As you build your relationship with prospects and customers over time and align your emails with their buying journey and decision process, you will find that they will reward your commitment to not junking up their email inbox or blowing up their messaging app, by remaining engaged.

Tip #3 — Let’s Get Personal

Assuming you are keeping a perpetually clean, complete and standardized database — and you should be. It’s time you put all of that hard-earned data to good use by sending campaigns so charming and personally relevant your customers will feel you can see inside their aching souls.

Try a Few New Data Attributes

Neil Patel recommends using a variety of data points throughout your campaigns to personalize the message and ensure you reach the right people.
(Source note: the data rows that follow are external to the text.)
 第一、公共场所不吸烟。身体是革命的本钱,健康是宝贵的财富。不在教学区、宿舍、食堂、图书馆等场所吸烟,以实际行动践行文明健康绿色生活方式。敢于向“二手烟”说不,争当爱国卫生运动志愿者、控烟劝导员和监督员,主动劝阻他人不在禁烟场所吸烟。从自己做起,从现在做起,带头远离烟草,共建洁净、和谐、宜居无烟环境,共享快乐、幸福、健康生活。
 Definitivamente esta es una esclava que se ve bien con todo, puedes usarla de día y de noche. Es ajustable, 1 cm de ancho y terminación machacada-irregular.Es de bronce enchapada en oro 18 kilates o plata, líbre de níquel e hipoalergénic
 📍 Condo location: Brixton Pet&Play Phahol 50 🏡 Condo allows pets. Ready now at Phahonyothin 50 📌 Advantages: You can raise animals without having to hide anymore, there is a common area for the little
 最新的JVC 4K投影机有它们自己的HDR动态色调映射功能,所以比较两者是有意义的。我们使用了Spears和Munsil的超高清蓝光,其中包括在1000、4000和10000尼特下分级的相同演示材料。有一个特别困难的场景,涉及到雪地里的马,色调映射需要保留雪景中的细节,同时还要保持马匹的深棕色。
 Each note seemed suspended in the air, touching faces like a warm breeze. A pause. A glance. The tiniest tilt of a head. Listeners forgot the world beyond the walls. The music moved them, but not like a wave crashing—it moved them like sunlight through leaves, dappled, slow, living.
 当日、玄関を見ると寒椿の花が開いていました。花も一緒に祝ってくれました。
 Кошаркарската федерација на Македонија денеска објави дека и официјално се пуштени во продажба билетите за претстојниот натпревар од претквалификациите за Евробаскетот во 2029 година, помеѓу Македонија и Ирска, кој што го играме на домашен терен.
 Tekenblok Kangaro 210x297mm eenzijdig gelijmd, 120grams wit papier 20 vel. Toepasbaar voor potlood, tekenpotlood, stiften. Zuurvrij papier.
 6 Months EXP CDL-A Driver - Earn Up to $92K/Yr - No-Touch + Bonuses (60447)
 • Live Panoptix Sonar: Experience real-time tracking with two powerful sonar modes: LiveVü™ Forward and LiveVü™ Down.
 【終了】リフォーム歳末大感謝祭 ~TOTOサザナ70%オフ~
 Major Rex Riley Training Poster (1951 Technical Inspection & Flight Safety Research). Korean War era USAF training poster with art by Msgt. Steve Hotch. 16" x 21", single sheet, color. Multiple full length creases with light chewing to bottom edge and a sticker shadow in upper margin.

His list of data points to use in your segmenting and personalization efforts include many of the usual suspects such as: job titles, company name, industry and location. But it also includes other less obvious data such as: pageviews, social media bios, followers and following, last actions, lifecycle status and customer persona. We recommend trying out all kinds of data attributes as you personalize your campaigns to see which ones produce the results you desire.

Adopt a CAT

If the thought of achieving an exceptional level of personalization in a drip campaign makes you feel overwhelmed, take comfort that a good content automation tool is the secret sauce of every accomplished account-based marketing (ABM) miracle-worker. These plug-n-play tools can be easily integrated with databases across your enterprise (CRMs, MAPs, data warehouses, etc.) and set-up to dynamically pull relevant data, populate the appropriate fields and send campaigns, on-demand across multiple channels. YAY!

Tip #4 – Pay Attention to Your List

As you set up purpose-filled, perfectly timed, personalized campaigns, make sure you set up a trigger to remove prospects and customers from that campaign when they complete the desired action, i.e. download a white paper, sign up for a webinar, etc. Otherwise they will continue to get tone-deaf communications from you that ask them to do something they’ve already done. This will cause them to go from feeling great about your company, to feeling like your company is not paying attention. So before you press send on your next campaign, make sure it’s prepared to remove action-completing customers as if it were you responding to every email and not auto-magic.